W swoim najnowszym raporcie o branży fitness Związek Przedsiębiorców i Pracodawców przekonuje, że powinna ona zostać natychmiast odmrożona, ponadto należy ją zwolnić ze składek ZUS i wprowadzić zachęty podatkowe przekonujące do korzystania z obiektów sportowych, podobne do tych na usługi internetowe.
Związek Przedsiębiorców i Pracodawców (ZPP) w wydanym ostatnio raporcie „Zdrowie za miliard dolarów – branża fitness w Polsce i jej znaczenie dla ducha, ciała i PKB” przypomina, że dopiero pod koniec ubiegłego wieku, w latach 80., nastąpiło umasowienie sportów siłowych i sprawnościowo-wydolnościowych (jak aerobik), czemu towarzyszyło wyłonienie się specjalistycznej branży usługowej: branży fitness. Jest ona na świecie warta obecnie łącznie ok. 100 mld dol. W Europie polska branża zajmuje siódme miejsce z przychodem w wysokości ok. 1 mld dol. rocznie.
Rzecz w tym, że jak podkreśla ZPP, ze względu na znacznie mniejszą penetrację rynku oraz niższy niż w krajach rozwiniętych ogólny poziom aktywności fizycznej Polaków branża fitness w naszym kraju dysponuje wciąż bardzo dużym potencjałem do dynamicznego rozwoju. Autorzy raportu szacują, że może względnie szybko nawet dwukrotnie zwiększyć obroty.
Co więcej, zwracają uwagę, iż zwiększona dzięki usługom fitness aktywność fizyczna wytwarza wartość dodaną w branżach pokrewnych (m.in. zwiększając sprzedaż odzieży sportowej czy upowszechniając catering dostarczający odpowiednio dietetycznych posiłków). Przy tym ogranicza występowanie drogich w leczeniu chorób przewlekłych, a wreszcie – zmniejsza koszty absencji pracowniczej.
Raport podkreśla negatywne skutki zamknięcia branży, zwłaszcza drugiego lockdownu, trwającego od października ubiegłego roku. Rośnie bowiem zagrożenie upadłościami. Do pierwszych już zresztą doszło. W listopadzie ubiegłego roku. wniosek o upadłość złożyła sieć Fitness World (19 klubów), wcześniej – Fitness 24/7. Co gorsza, zamrożenie branży wypycha trenerów do szarej strefy.
W tej sytuacji jako „rażącą niekonsekwencję” ze strony władz określa raport nieuwzględnianie przez nie „faktycznych kosztów gospodarczych i zdrowotnych zamknięcia obiektów sportowych, a zamiast tego koncentrowanie się na wątpliwych spekulacjach co do jej rzekomego wpływu na wzrost transmisji koronawirusa”.
Obecnie nad branżą wisi widmo bankructw oraz zwolnień, zwłaszcza że w porównaniu z innymi zamrożonymi branżami usługi fitness mają bardzo ograniczone zdolności adaptacyjne w trakcie pandemii. Na zilustrowanie tej tezy autorzy raportu dokonują porównania rynku fitness z branżą gastronomiczną. „O ile przed pandemią jedzenie w dowozie stanowiło ok. 19–20 proc. obrotów całej branży, o tyle treningi online – a więc odpowiednik zamówień na wynos – stanowiły mniej niż 1 proc. obrotów”.
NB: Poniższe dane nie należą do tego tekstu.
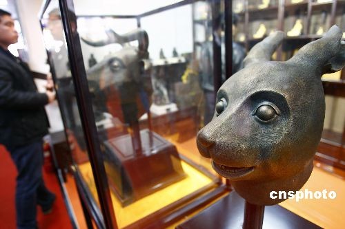 3月9日,第十九屆北京國際禮品工藝品暨家用精品展會在北京國際貿(mào)易中心開幕。本屆展會總面積達(dá)15000平方米,共有800多個(gè)展位,匯集了700多家參展商,適合不同人群的需求,讓市民可以體驗(yàn)一站式采購的服務(wù)。圖為“圓明園十二生肖獸首”--卯兔(仿制)亮相禮品展吸引不少市民的目光。中新社發(fā) 鄭雄增 攝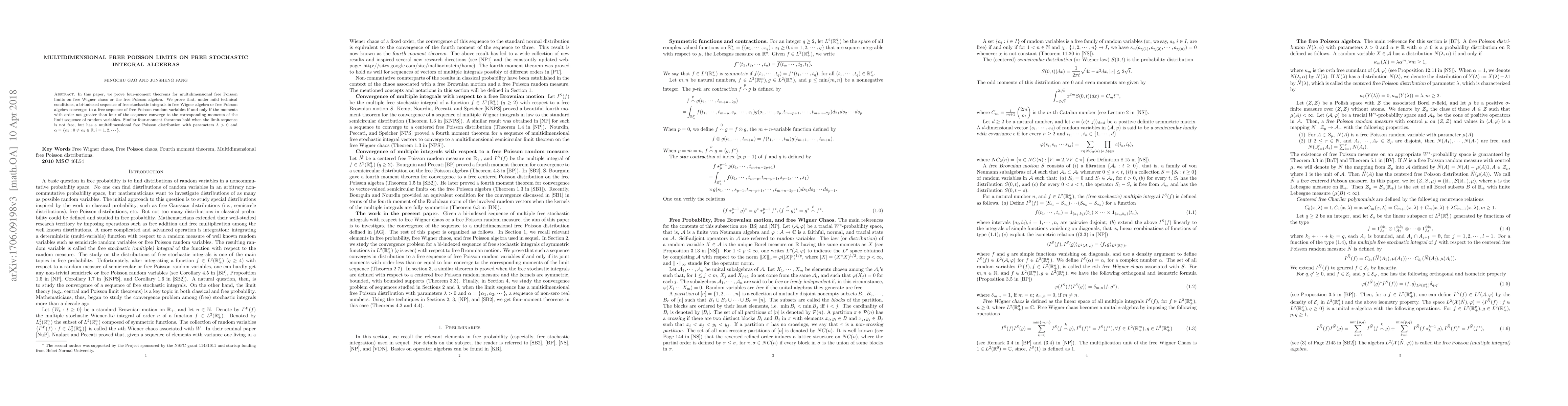 This paper establishes four-moment theorems for multidimensional free Poisson limits in free stochastic integral algebras, showing that convergence of moments up to order four is sufficient for convergence to a free Poisson sequence. It also extends these results to sequences with a multidimensional free Poisson distribution.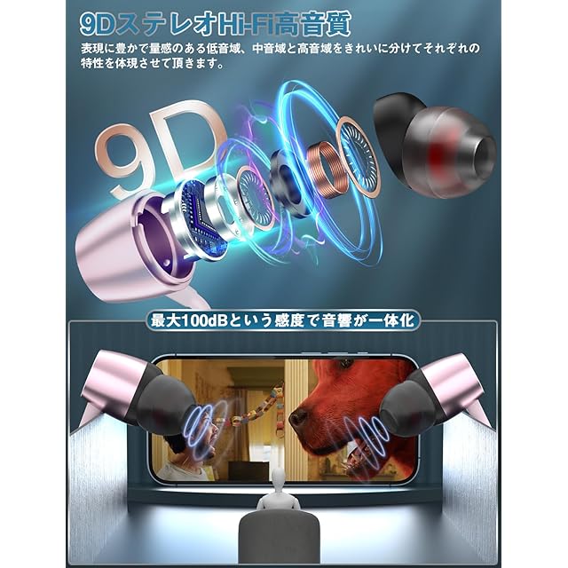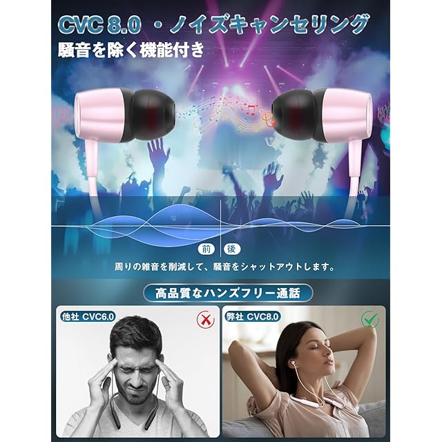 【Hi-Fi高音質・9Dステレオサウンド・CVC 8.0ノイズキャンセリング】複合鼓膜ダイナミックドライバーを備えており、AACとSBCコーデックも対応するのでーデックとはオーディオ機器からイヤホンへ音楽を伝送して、音声データを圧縮する方式で高品質なコーデックになって、コンサートのように、臨場感あふれる9Dステレオで、低遅延・高音質を実現できます。また、CVC 8.0ノイズキャンセリング技術により、よい遮音性で周りの雑音を適度にカットし、繁華街や駅構内、飛行機や電車内等うるさい場所でも、周囲の環境音に左右されることなくクリアな音楽視聴や通話をサポートしてくれます。イヤホンには指向性のマイクが内蔵されていて、周囲のノイズをカットしてくれ、ハンズフリー、クリアな通話にも対応しています。
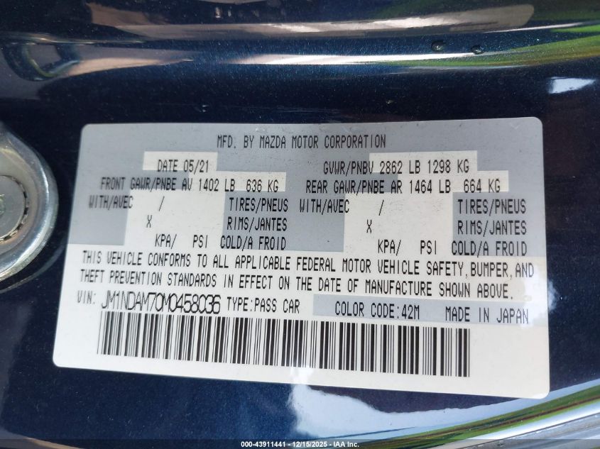 2021 MAZDA MX-5 - JM1NDAM70M0458036, цвет - Синий, 2.0, Бензин, Задний привод из США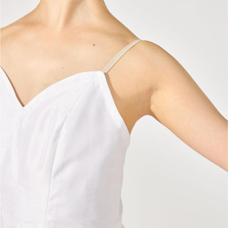 1.デコルテがきれいに見えるようにシャープなラインに。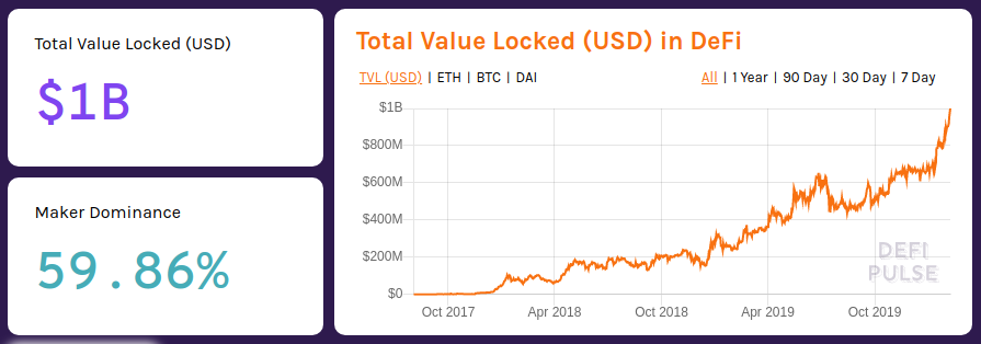What is interesting is that the DeFi movement is continuing to grow at an impressive rate. There was a recent milestone that highlighted more than $1 billion is locked up in the ecosystem (a core metric to measure growth of DeFi), which approximately 60% coming from the Maker / DAI system.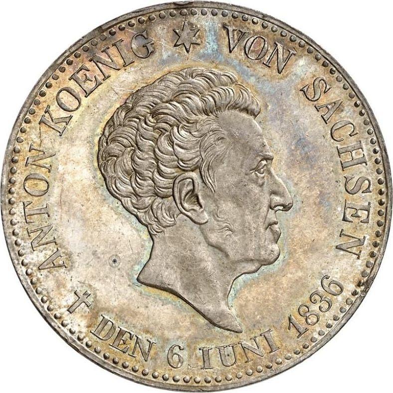 Find out the current coin value of the Saxony-Albertine Thaler 1836 "Death of the King" with mark G. Edge "SEGEN DES BERGBAUS". This silver coin from the times of Anthony struck at the Dresden Mint. Wondering how much a coin like this is worth? The record price belongs to the lot 188 sold at the Fritz Rudolf Künker GmbH & Co. KG auction for EUR 8,500. Bidding took place January 29, 2015.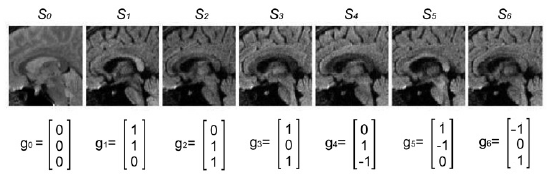 donde D es la difusión constante en el Voxel, S0 es la intensidad de la señal observada sin difusión ponderada (i.e b = 0 ) y Sk es la imagen con difusión ponderada (Diffusion Weighted Image- DWI). La cantidad de difusión ponderada estádada por el factor b, introducido por [17]. Además de la imagen base de referencia S0, existe la necesidad de hacer al menos seis medidas, usando direcciones de gradientes no colineales y diferentes para estimar el tensor de difusión simétrico D. Por lo tanto, se requieren mínimo 7 imágenes dwi con tensores ponderados y direcciones de gradiente diferentes para cada corte (slice) en el conjunto de datos. La Figura 2 tomada de [18], muestra un ejemplo de 7 dwi con las correspondientes direcciones del gradiente, donde S(/ S1,... ,S6 representan las intensidades de la señal en presencia de los gradientes gk para k = 0,1, 6. S0 es la medida básica de referencia con la que se obtienen las demás imágenes Sk, de modo que se insertan los gradientes g. Finalmente, es posible determinar el valor de cada una de las componentes de D, que debido a su simetría solo requeriráde seis gradientes para obtener seis ecuaciones. Se suele usar una mayor cantidad de gradientes para que la redundancia garantice una mejor resolución.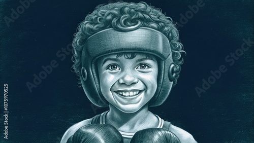 Fototapeta premium Portrait of a Smiling Young Boxer with Headgear and Gloves

Raport szacuje straty pandemiczne branży w ub.r. na ok. 3–4 mld zł, „co oznacza, że trzeba będzie je odrabiać co najmniej 5–7 lat”.
ZPP postuluje: krótkoterminowo branżę należy zwolnić ze składek ZUS, a działalność prosportową i prozdrowotną z podatku VAT. Długofalowo – wprowadzić zachęty podatkowe do korzystania z obiektów sportowych (np. ulgi na karnety sportowe dla każdego podatnika) i szeroko zakrojone programy promocji aktywności fizycznej: od kampanii społecznych, przez edukację i współpracę szkół z firmami sportowymi.